Texas Ports Brace for Hurricane Harvey
Texas’ seaports are keeping a wary eye on Hurricane Harvey, which is expected to make landfall between Corpus Christi and Port O'Connor on Friday. The storm strengthened rapidly on Wednesday and Thursday, prompting the National Weather Service to issue a hurricane warning for the area between Port Mansfield to Matagorda. The current forecast predicts winds exceeding 100 knots on Friday, which would make Harvey a Category 3 hurricane – the first to make landfall in America since Hurricane Wilma in 2005.
The storm is expected to move slowly after it reaches land, pouring down dozens of inches of rain and creating a life-threatening risk of flooding. In addition, storm surge could reach as much as 6-12 feet above the high tide line along the coast between Corpus Christi and Sargent, Texas, a small town 45 nm southwest of Galveston. The National Weather Service warned that the surge would depend on the tidal cycle and on local factors, and may vary greatly by location.
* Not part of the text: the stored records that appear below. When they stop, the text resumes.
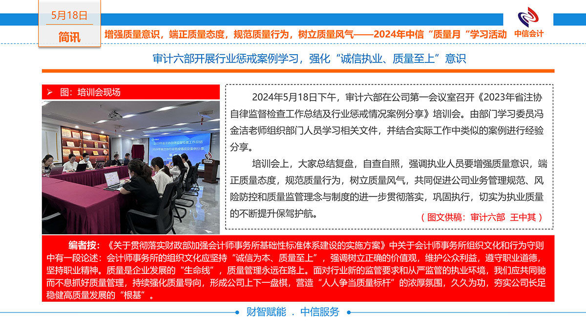 ——2024年中信“質(zhì)量月“學習活動。審計六部開展行業(yè)懲戒案例學習,強化“誠信執(zhí)業(yè)、質(zhì)量至上”意識 -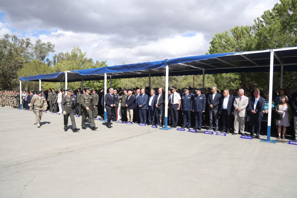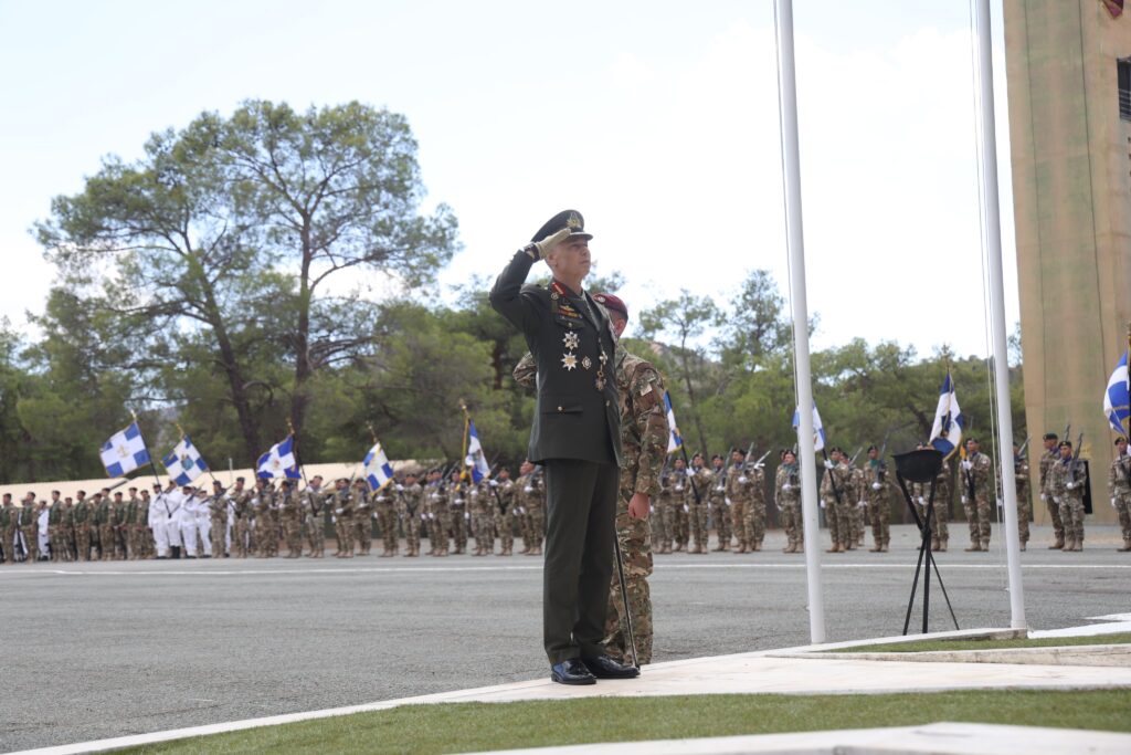 Διακατεχόμενος από συναισθήματα βαθύτατου σεβασμού και υπερηφάνειας, υποκλίνομαι με ευλάβεια στις πολεμικές Σημαίες των Σχηματισμών, Συγκροτημάτων και Μονάδων και αποτίω φόρο τιμής στους αθάνατους νεκρούς, που θυσιάστηκαν για την ελευθερία της μαρτυρικής μας Κύπρου.
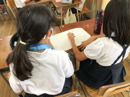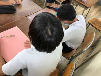 2学期の係を決め、そのあとグループで協力して、係カードを作成しました。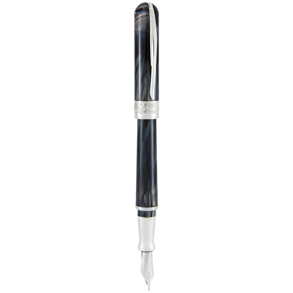 The Avatar's magnetic twist cap has a film over the internal magnets to protect them from corrosion and allow for a soft touch closure. The solid marine steel clip is Pineider’s interpretation of a goose quill, sturdy yet flexible, and is formed on an inner spring mechanism built into the top of the cap. The trim, including the cap band featuring the skyline of Florence, is palladium plated and nickel free.
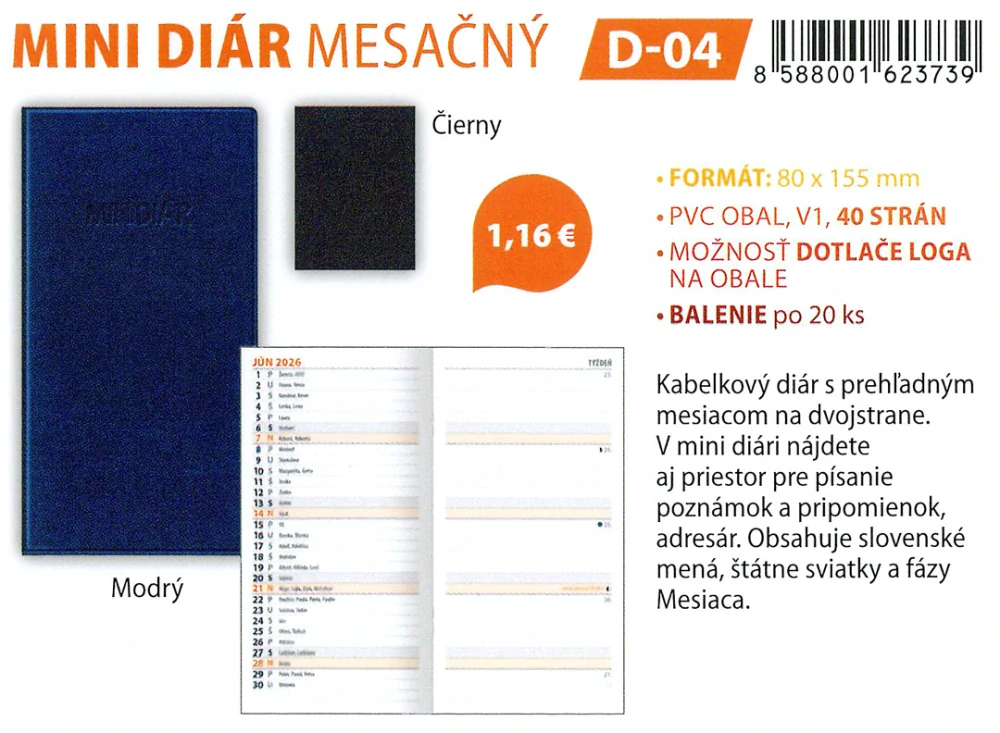 MINI DIÁR mesačný – D-04Nie je skladom1,76 €/ ks1,43 € bez DPH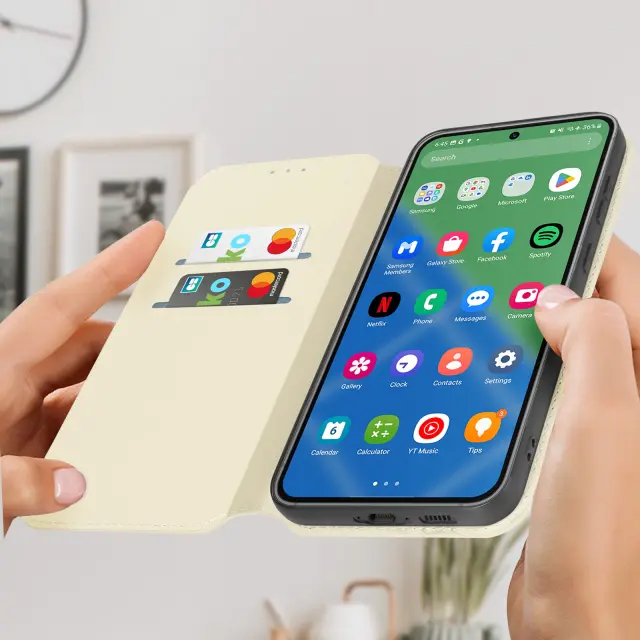 Ovitek denarnica za Samsung Galaxy S23 FE, podpora za video - klasicna izdaja zlata

Greg Abbott, the governor of Texas, has preemptively declared a state of disaster in 30 counties in the hurricane's path, and seven coastal counties have issued mandatory evacuation orders.
Port of Galveston has closed to marine traffic and to commercial activity. The port has called for vessel operators to prepare for the storm's impact by doubling up mooring lines and ensuring that cargo is securely lashed down. Galveston is a major home port for cruises, and the port said that Royal Caribbean has not yet made any alterations to planned itineraries. Separately, Carnival said in an update that it has no changes planned at Galveston and is monitoring the situation.
Texas A&M University at Galveston, the maritime college located across the channel from Port of Galveston, announced that it will keep its campus open for business until 1800 hours Friday. However, it has suspended all of its fall semester orientation and move-in activities for graduate and undergraduate students, which would have begun the end of this week. It is evacuating students who are already on campus to Texas A&M University at College Station, and has asked them to prepare for a five-day stay.
Port Corpus Christi said in a statement that its personnel are focused on preparing for the storm and that ordinary maintenance work has been suspended, in accordance with the port's hurricane plan. "The Port is taking this storm very seriously and it is in full-preparedness mode anticipating Harvey’s landfall, and will continue monitoring its strength and path as it gets closer to the Texas Gulf Coast,” said John LaRue, Executive Director.
The Coast Guard has set port condition yankee for all of Sector Houston-Galveston, implementing several limits on commercial operations:
- All transfer of cargo operations must stop when wind speeds reach 40 mph.
- Vessels must disconnect all transfer hoses and loading arms when wind speeds exceed 50 mph.
- Facility operators must ensure that all vessels and barges over 500 gross tons are able to moor safely.
- No inbound vessel traffic is permitted. Vessels and barges for these ports must seek an alternate destination.
- Vessels and barges anchored at Anchorage Areas Alpha, Bravo or Charlie are required to depart prior to 1000 hours on Friday.
In addition, Sector Houston-Galveston has issued a bulletin calling on boaters to make certain that their watercraft are properly secured.
As of Thursday, offshore oil and gas operators had evacuated 39 platforms in anticipation of the storm’s arrival. Offshore wells making up about 10 percent of U.S. Gulf oil production have been shut in, according to the Bureau of Safety and Environmental Enforcement.